▶ WORK ITEM
Set the whole listing down again, word for word, with no pictures.

▶ TASK MATERIAL
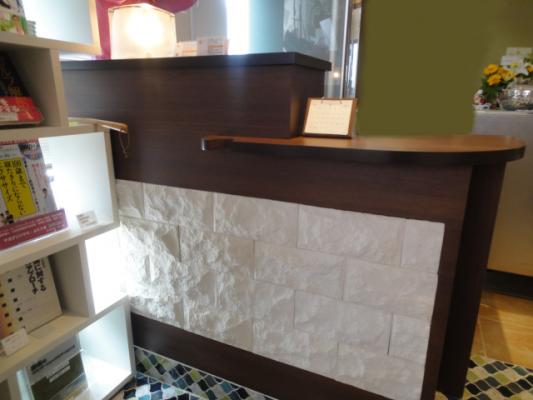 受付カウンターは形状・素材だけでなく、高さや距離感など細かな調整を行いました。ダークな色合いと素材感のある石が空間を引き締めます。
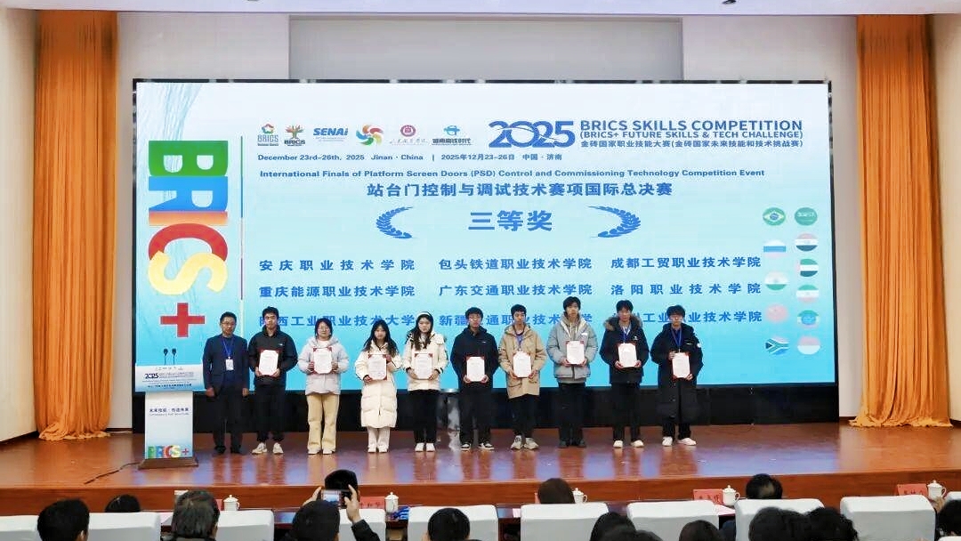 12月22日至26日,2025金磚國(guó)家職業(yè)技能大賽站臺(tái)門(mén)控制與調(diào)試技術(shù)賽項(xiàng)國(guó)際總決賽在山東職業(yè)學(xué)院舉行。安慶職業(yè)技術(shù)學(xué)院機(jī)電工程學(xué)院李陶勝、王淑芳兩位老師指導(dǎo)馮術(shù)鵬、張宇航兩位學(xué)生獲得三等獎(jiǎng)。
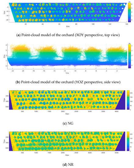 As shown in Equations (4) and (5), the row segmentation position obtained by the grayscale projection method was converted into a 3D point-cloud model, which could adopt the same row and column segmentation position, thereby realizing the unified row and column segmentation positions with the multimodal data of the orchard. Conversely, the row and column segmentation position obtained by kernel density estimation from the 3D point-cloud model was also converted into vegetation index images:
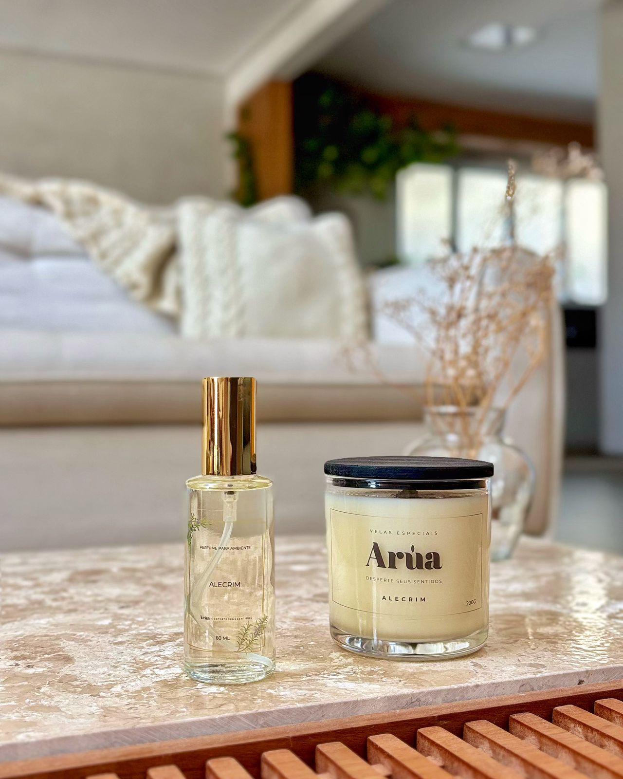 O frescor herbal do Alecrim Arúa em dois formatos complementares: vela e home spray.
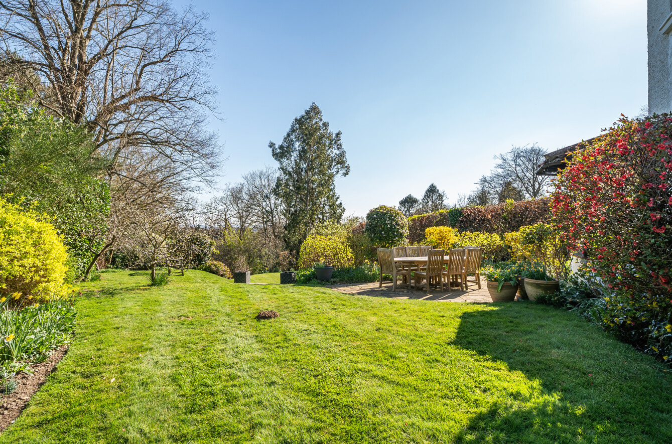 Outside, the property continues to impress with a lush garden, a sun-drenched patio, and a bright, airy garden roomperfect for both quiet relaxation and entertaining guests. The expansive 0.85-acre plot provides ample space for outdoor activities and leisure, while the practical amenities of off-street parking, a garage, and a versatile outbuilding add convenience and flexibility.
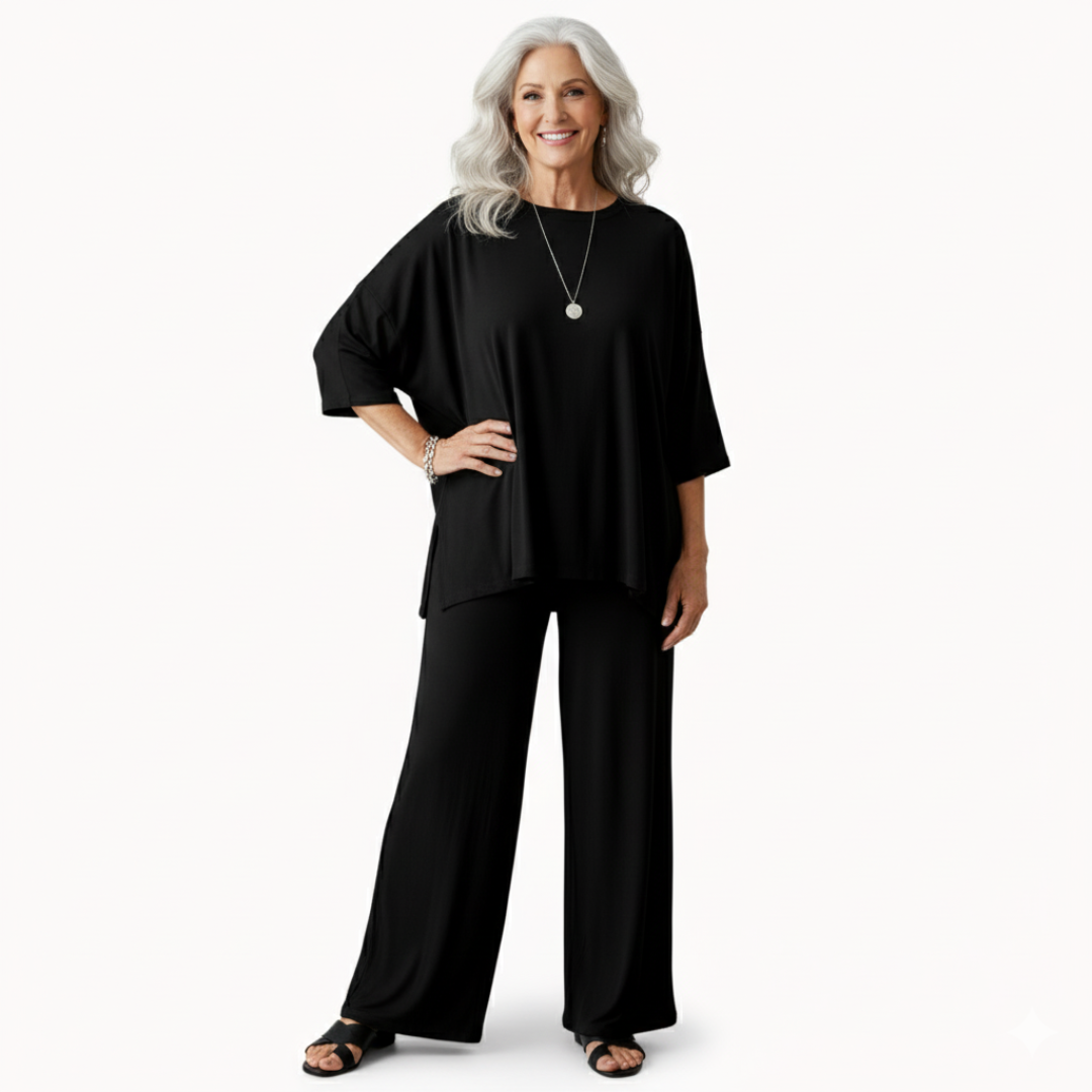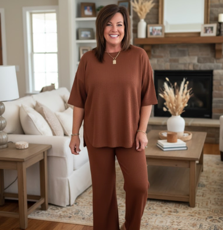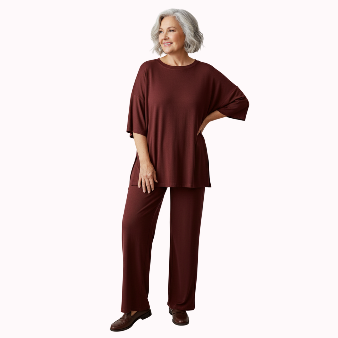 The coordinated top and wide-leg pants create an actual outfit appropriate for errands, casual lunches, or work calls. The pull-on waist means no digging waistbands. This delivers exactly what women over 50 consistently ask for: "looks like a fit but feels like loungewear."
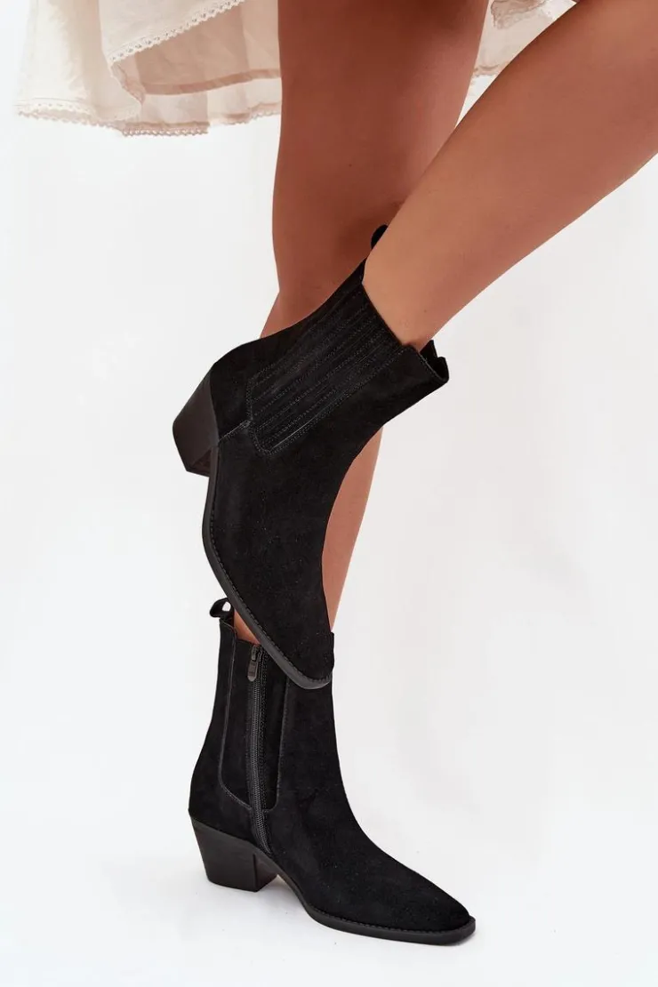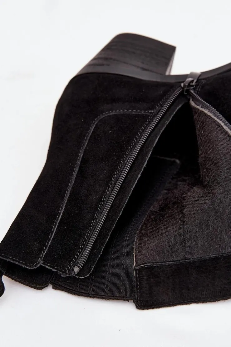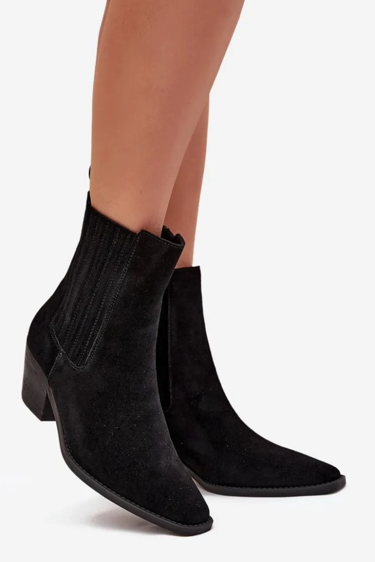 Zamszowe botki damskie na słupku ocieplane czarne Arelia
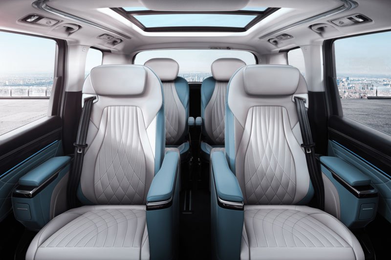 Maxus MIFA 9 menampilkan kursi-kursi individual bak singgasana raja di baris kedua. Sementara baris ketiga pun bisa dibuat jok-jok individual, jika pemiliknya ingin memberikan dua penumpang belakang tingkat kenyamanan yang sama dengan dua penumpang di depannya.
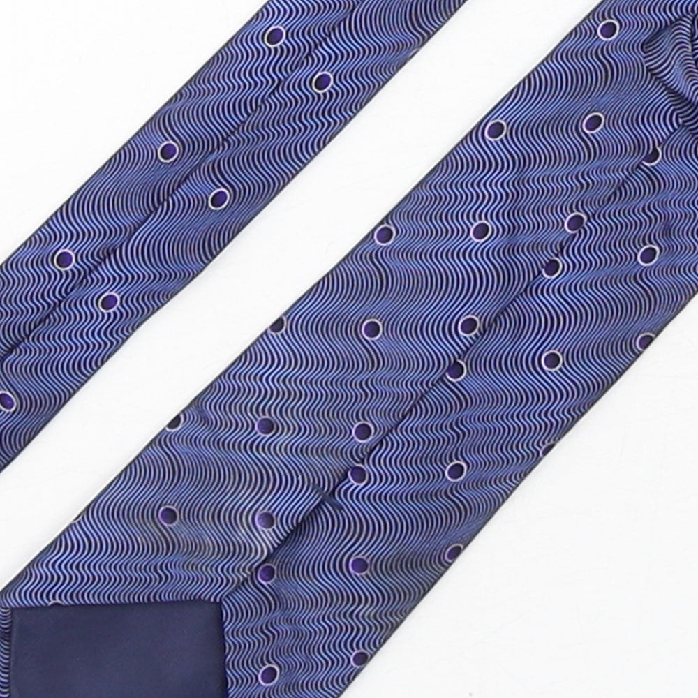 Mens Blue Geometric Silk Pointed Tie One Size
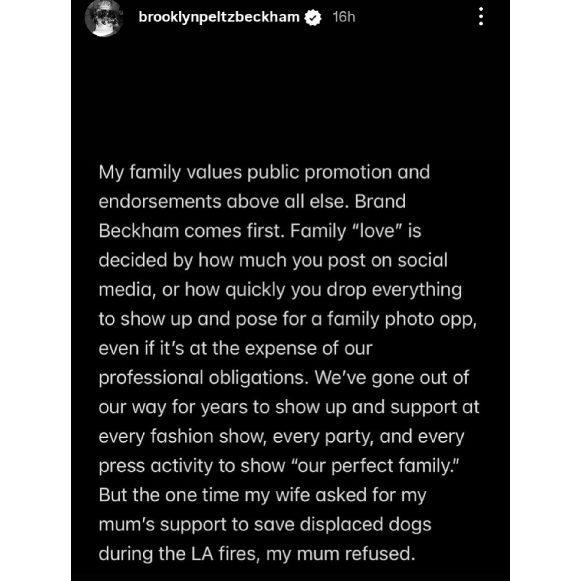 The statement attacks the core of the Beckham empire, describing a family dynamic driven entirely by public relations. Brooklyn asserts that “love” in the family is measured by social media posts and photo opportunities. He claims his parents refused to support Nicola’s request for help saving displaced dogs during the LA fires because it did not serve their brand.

▶ RESPONSE BOX
 受付カウンターは形状・素材だけでなく、高さや距離感など細かな調整を行いました。ダークな色合いと素材感のある石が空間を引き締めます。
 12月22日至26日,2025金磚國(guó)家職業(yè)技能大賽站臺(tái)門(mén)控制與調(diào)試技術(shù)賽項(xiàng)國(guó)際總決賽在山東職業(yè)學(xué)院舉行。安慶職業(yè)技術(shù)學(xué)院機(jī)電工程學(xué)院李陶勝、王淑芳兩位老師指導(dǎo)馮術(shù)鵬、張宇航兩位學(xué)生獲得三等獎(jiǎng)。
 As shown in Equations (4) and (5), the row segmentation position obtained by the grayscale projection method was converted into a 3D point-cloud model, which could adopt the same row and column segmentation position, thereby realizing the unified row and column segmentation positions with the multimodal data of the orchard. Conversely, the row and column segmentation position obtained by kernel density estimation from the 3D point-cloud model was also converted into vegetation index images:
 O frescor herbal do Alecrim Arúa em dois formatos complementares: vela e home spray.
 Outside, the property continues to impress with a lush garden, a sun-drenched patio, and a bright, airy garden roomperfect for both quiet relaxation and entertaining guests. The expansive 0.85-acre plot provides ample space for outdoor activities and leisure, while the practical amenities of off-street parking, a garage, and a versatile outbuilding add convenience and flexibility.
 The coordinated top and wide-leg pants create an actual outfit appropriate for errands, casual lunches, or work calls. The pull-on waist means no digging waistbands. This delivers exactly what women over 50 consistently ask for: "looks like a fit but feels like loungewear."
 Zamszowe botki damskie na słupku ocieplane czarne Arelia
 Maxus MIFA 9 menampilkan kursi-kursi individual bak singgasana raja di baris kedua. Sementara baris ketiga pun bisa dibuat jok-jok individual, jika pemiliknya ingin memberikan dua penumpang belakang tingkat kenyamanan yang sama dengan dua penumpang di depannya.
 Mens Blue Geometric Silk Pointed Tie One Size
 The statement attacks the core of the Beckham empire, describing a family dynamic driven entirely by public relations. Brooklyn asserts that “love” in the family is measured by social media posts and photo opportunities. He claims his parents refused to support Nicola’s request for help saving displaced dogs during the LA fires because it did not serve their brand.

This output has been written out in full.